How do I generate a unique session id in Python?

tshepang
  • 12,111
  • 21
  • 91
  • 136
Alex
  • 43,191
  • 44
  • 96
  • 127

5 Answers5

79

UPDATE: 2016-12-21

A lot has happened in a the last ~5yrs. /dev/urandom has been updated and is now considered a high-entropy source of randomness on modern Linux kernels and distributions. In the last 6mo we've seen entropy starvation on a Linux 3.19 kernel using Ubuntu, so I don't think this issue is "resolved", but it's sufficiently difficult to end up with low-entropy randomness when asking for any amount of randomness from the OS.


I hate to say this, but none of the other solutions posted here are correct with regards to being a "secure session ID."

# pip install M2Crypto
import base64, M2Crypto
def generate_session_id(num_bytes = 16):
    return base64.b64encode(M2Crypto.m2.rand_bytes(num_bytes))

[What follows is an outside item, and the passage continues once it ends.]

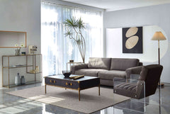 This coffee table has a simple and powerful shape with a dark wooden top, which undoubtedly attracts a lot of attention due to its unique design. With its vintage copper-iron frame and noble leather border, it brings a lot of class to the living room.

Neither uuid() or os.urandom() are good choices for generating session IDs. Both may generate random results, but random does not mean it is secure due to poor entropy. See "How to Crack a Linear Congruential Generator" by Haldir or NIST's resources on Random Number Generation. If you still want to use a UUID, then use a UUID that was generated with a good initial random number:

import uuid, M2Crypto
uuid.UUID(bytes = M2Crypto.m2.rand_bytes(num_bytes)))
# UUID('5e85edc4-7078-d214-e773-f8caae16fe6c')

or:

# pip install pyOpenSSL
import uuid, OpenSSL
uuid.UUID(bytes = OpenSSL.rand.bytes(16))
# UUID('c9bf635f-b0cc-d278-a2c5-01eaae654461')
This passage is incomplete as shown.